For comparison of reassortment frequencies between different reassortant and/or non-reassortant clades, we used z-test. However, z-test could not be used on clades that consisted of very few genomes and where this frequency was 0. Thus, we performed a chi-squared test comparing the number of observed reassortment events to the number of expected reassortment events given the previously estimated reassortment frequency of 3.35%.

Adjustment for sampling bias towards North America, where approximately half of the genomes originated, was made by randomly subsampling the North American dataset 10 times such that each of the 10 data subsets contained 300 genomes each from this region. The full dataset (N = 2091) was stripped from all North American genomes, and this reduced set was added to the 10 North American random subsets. The frequency of reassortment events and the fraction of the reassortant genomes were calculated for each of the subsets as described above.

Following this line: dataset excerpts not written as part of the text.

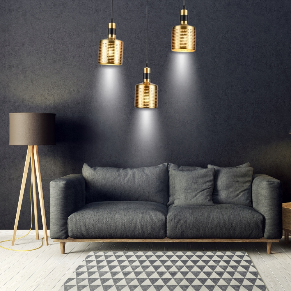 Bellis to lampa wisząca, której klosz ma cylindryczny kształt i jest gęsto perforowany, co pozwala na uzyskanie bardzo ciekawego efektu oświetlenia. Kolor klosza to połączenie złota z czarnym paskiem, co dodaje mu elegancji i stylu. Po włączeniu światła, dzięki perforacjom klosza, można uzyskać niezwykle ciekawy efekt świetlny, który dodaje przytulności i nastrojowości pomieszczeniu.
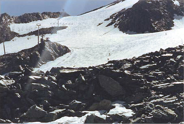 Ein Bild von historischem Wert: hoch oberhalb der höchsten Skistation Europas thront einem Adlerhorst gleich die Bergstation des 3300. Selbst die früher als hochgelegen empfundene Bergstation des Funitels oder die des Glacierliftes sind nur noch kleine Orte unterhalb. Und anders als dort ist von hier oben der Blick frei bis ins Flachland!!!
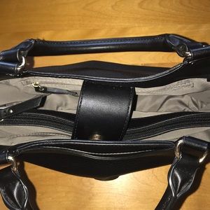 All zippers work. Outside of bag is very clean! No scuffs or blemishes. Handles great with no signs of wear! Gold accents. Magnetic closure. Zipper middle. Tri inner sections. Smaller pocket with zipper still has protective plastic.
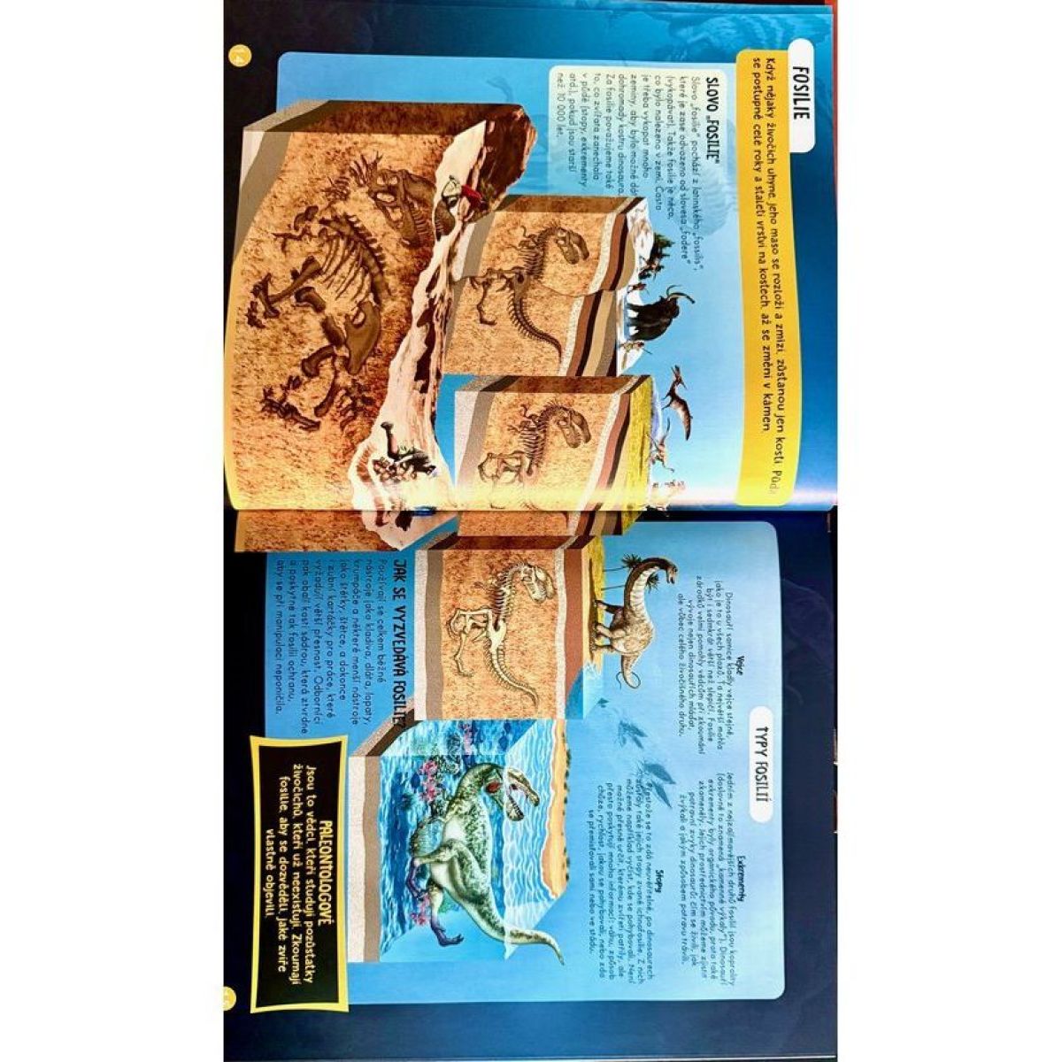 Najväčším lákadlom je veľký 3D Tyrannosaurus Rex, ktorý si môžu čitatelia sami poskladať zo 44 kartónových dielov bez lepidla a nožníc. Hotový model s dĺžkou 53 cm sa stane dominantou každej detskej izby a dôkazom, že učenie môže byť aj skvelá zábava.
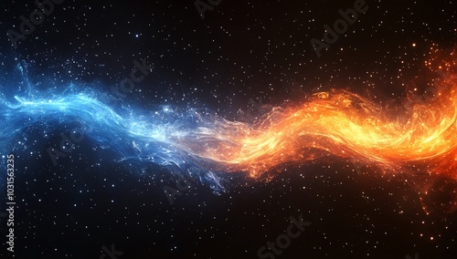 A cosmic swirl of blue and orange gases against a starry background, representing energy.
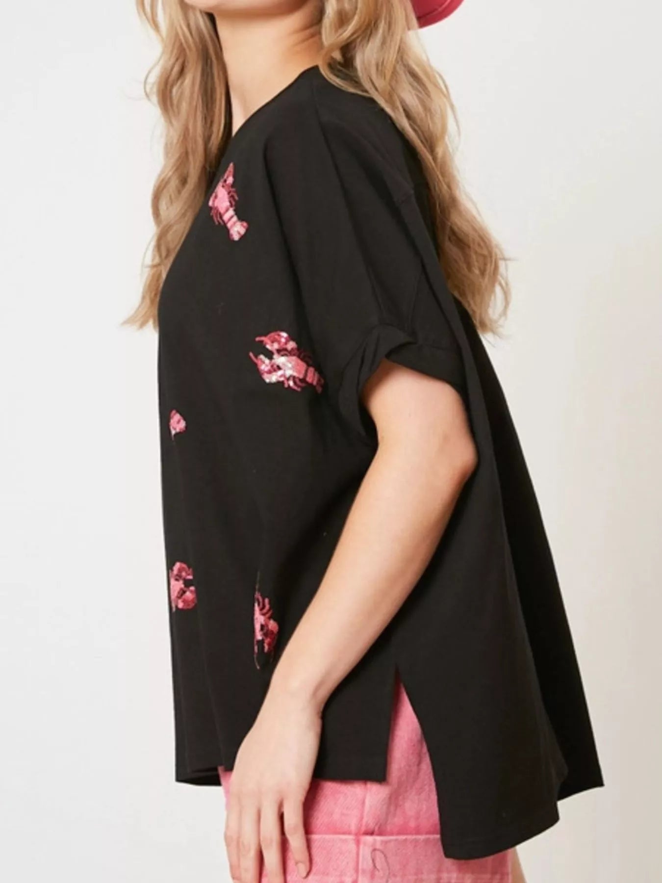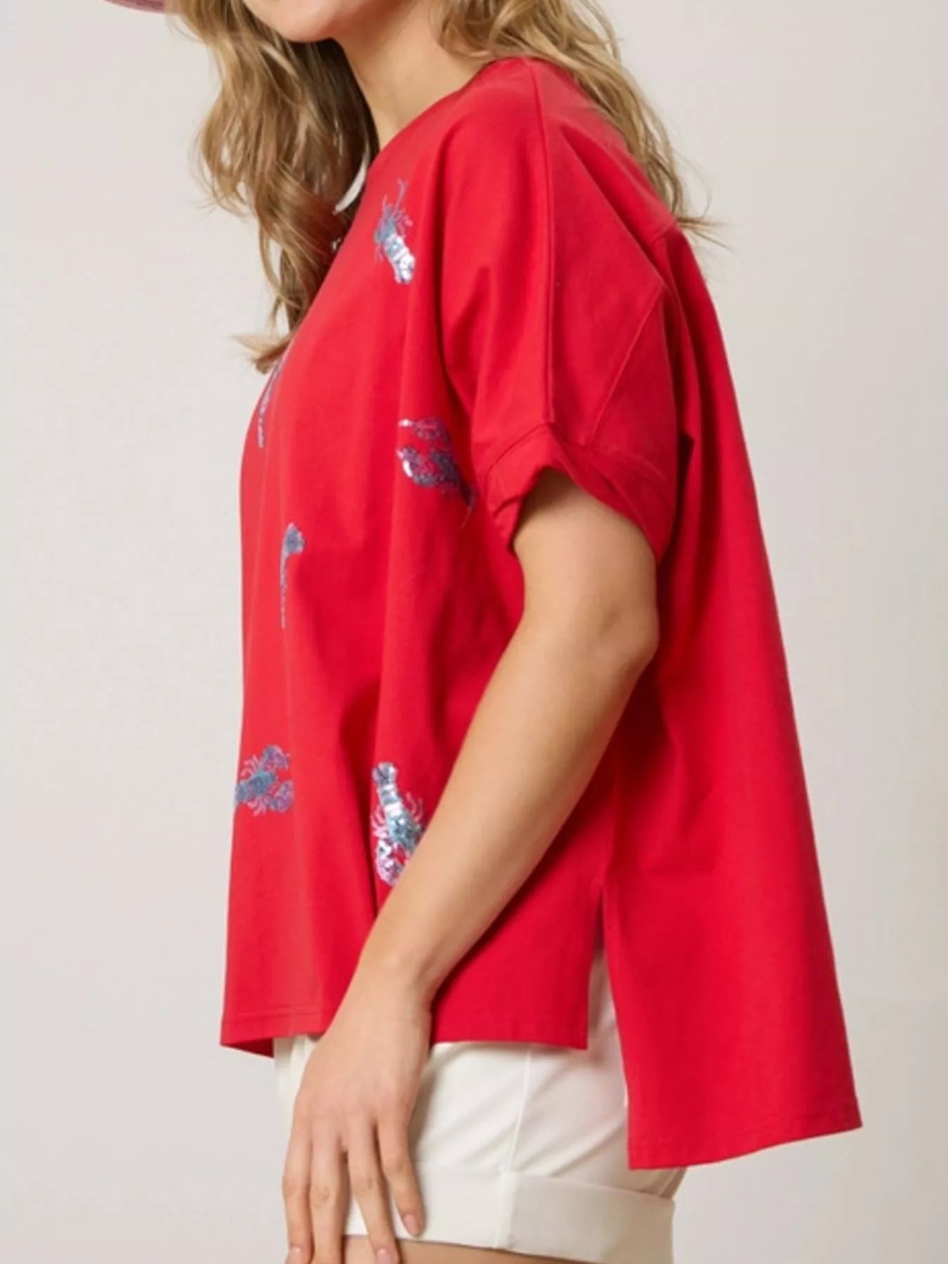 Sequin Lobster Round Neck T-Shirt
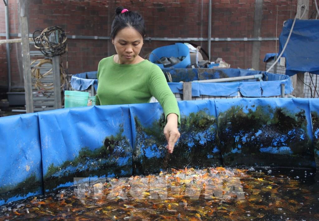 Chăm sóc cá koi cảnh tại bể nuôi mô hình aquaponics. Ảnh tư liệu: Xuân Dự - TTXVN
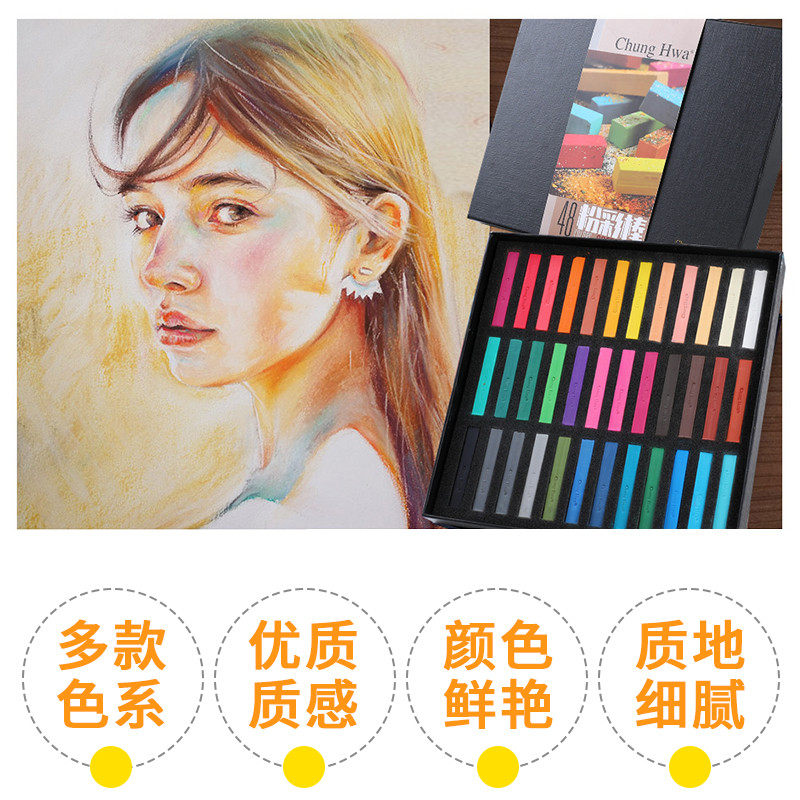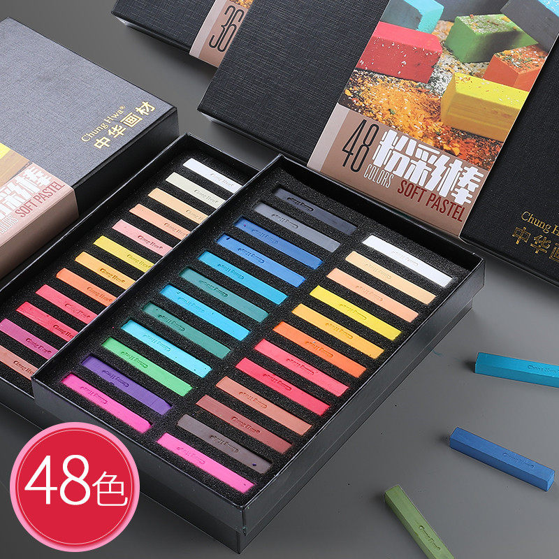 中华牌ChungHwa色粉笔48色36色彩色粉笔颜料小学生娃娃彩绘专业粉彩笔初学者手绘黑板报粉画画粉彩棒美术用品
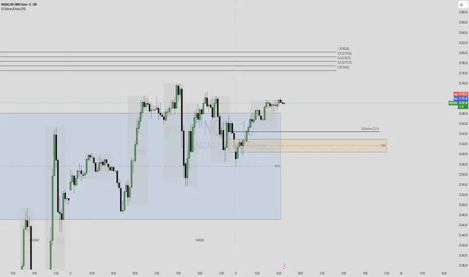 Nach dem der Nasdaq mit einem massiven NWOG am Montag eröffnet hat, gab es die Long-Reaktion nach oben auf den Levels von 2 H4 FVGs bis in das NWOG, was geschlossen wurde. Aktuell sehen wir unter dem Kurs das NDOG, den Schlusskurs des "Parkethandels" um 22:14:59 gestern. Über dem Kurs liegt ein H1 FVGs (siehe Levels 0, 0,25, 0,5, 0,75, 1)
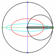 Ellipsen (rot, cyan) mit cardanischen Kreisen
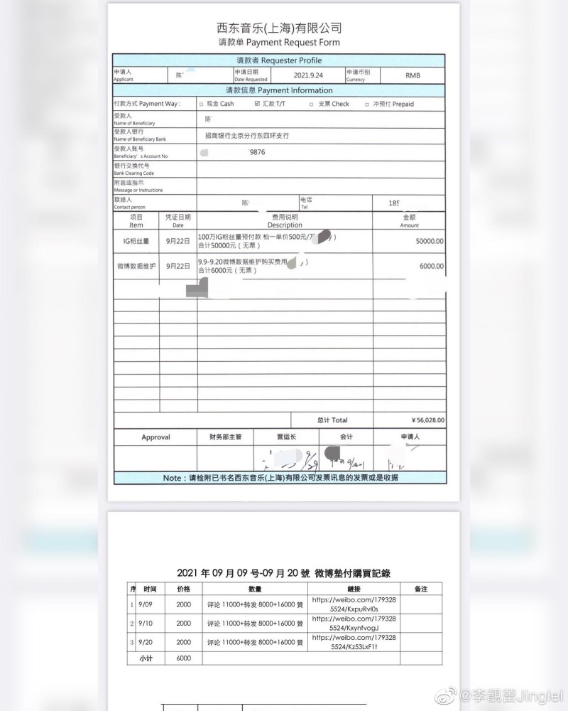 为了证明自己所言非虚,李靓蕾特地晒出一张请款单。 请款单上明确表明王力宏曾向上海某一公司支付了大量的资金,所涉及到的社交网包括微博和IG,从其价格来看,确实很高,评论达到1.1万,且转发8000加就可以领到2000元,由此不难看出平台监管的不利,一些网友的控评至今仍然存在。 |
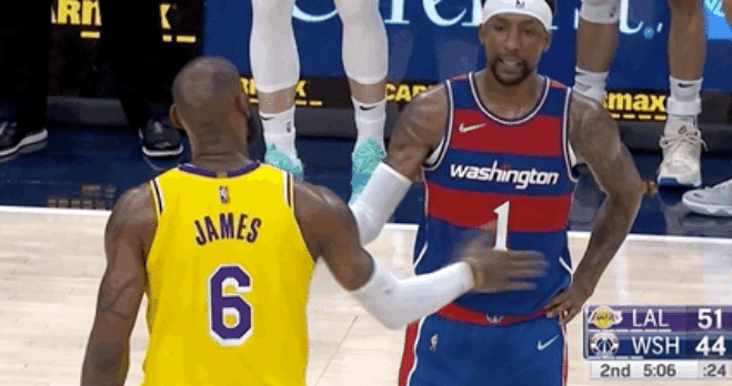 当詹姆斯达成里程碑时刻的时候,全场球迷起立鼓掌,詹姆斯也进行回应,他和身旁的前队友波普击掌。

Timing of reassortment events

Bayesian Evolutionary Analysis Sampling Trees (BEAST v1.8) [50] was used to estimate the time of formation of the 16 reassortant lineages/clades. Because of the size of the full dataset, which was too large for timely analyses with BEAST, three smaller datasets were constructed that included all reassortant genomes belonging to the groups/clades of interest and 200 randomly sampled sequences from the rest of the data. The 5 genomes sampled between 1977 and 1987 were also included. The first dataset (BEASTA) consisted of 359 sequences from the reassortant clade X and 200 randomly sampled sequences (N = 559), the second dataset (BEASTE) included 183 sequences from the reassortant clades II, III, XI, and XII and 200 randomly sampled sequences (N = 388), and the third dataset (BEASTF) had 216 sequences from the reassortant clades I, IV, V, VI, VII, VIII, IX, XIII, XIV, XV, and XVI and 200 randomly sampled sequences (N = 421). All 8 segments from the three smaller datasets were analyzed. The Markov Chain Monte Carlo (MCMC) chains were run for 500 million generations, sampling every 50,000, with a strict clock and Bayesian skyride with Gaussian Markov Random Field (GMRF) smoothing prior. Models of nucleotide evolution were used as estimated by jModelTest v2.1.7. In cases where the resulting evolutionarily stable strategy (ESS) values were low (<200), we preformed three separate MCMC runs and combined the results. In three instances, the strict clock had to be replaced by an exponential or lognormal one to achieve convergence. All the XML files (without sequence data due to GISAID restriction of data sharing) and a table of seeds for each run are available in Additional file 5. The time of creation of a certain reassortant was determined by the time of the most recent common ancestor (TMRCA) of its youngest segment, i.e., the segment with the most recent genetic sweep [18]. The segment TMRCA differences of a lineage were also used to confirm the reassortant nature of that lineage. In addition, the three BEAST datasets described above were used for (1) confirmation and reassortment pattern determination of the reassortant lineages by assigning lineage-specific discrete traits to the genomes comprising these lineages [10] and (2) phylogeographic analyses where discrete traits were represented by the region of sampling of a genome. However, these datasets proved too big for confident and timely discrete trait analyses and provided only fragmented information.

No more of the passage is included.